OtherShrezzing 4 days ago
Maybe it’s a hint that our current training techniques can create models comparable to the best humans in a given subject, but that’s the limit.
- ctoth 4 days ago
  
  We've hit the limit of 'our current training techniques'? This result literally used newly developed techniques that surprised researchers at OpenAI.

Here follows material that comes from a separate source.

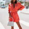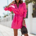 Dit oversized dubbellaagse blazerkleed heeft een spits revers, knopen en lange mouwen. De bijpassende riem benadrukt de taille, maar het kleed kan ook zonder riem gedragen worden voor een oversized pasvorm. Combineer het kleed met hakken voor een zakelijke uitstraling of draag het kleed casual met sneakers.

  Noam Brown: 'This result is brand new, using recently developed techniques. It was a surprise even to many researchers at OpenAI.'
  So your thesis is that these new techniques - which just produced unexpected breakthroughs - represent some kind of ceiling? That's an impressive level of confidence about the limits of methods we apparently just invented in a field which seems to, if anything, be accelerating.
- Jensson 4 days ago
  
  > Maybe it’s a hint that our current training techniques can create models comparable to the best humans in a given subject, but that’s the limit.
  IMO is not the best humans in a given subject, college competitions are at a much higher level than high school competitions, and you have even higher level above that since college competitions are still limited to students.
raincole 4 days ago

Lmao.
You know IMO questions are not all equally difficult, right? They're specifically designed to vary in difficulty. The reason that problem 6 is hard for both humans and LLM is... it's hard! What a surprise.
atleastoptimal 4 days ago

Lol the OpenAI naysayers on this site are such conspiracy theorists.
There are many things that are hard for AI’s for the same reason they’re hard for humans. There are subtleties in complexity that make challenging things universal.
Obviously the model was trained on human data so its competencies lie in what other humans have provided input for over the years in mathematics, but that isn’t data contamination, that’s how all humans learn. This model, like the contestants, never saw the questions before.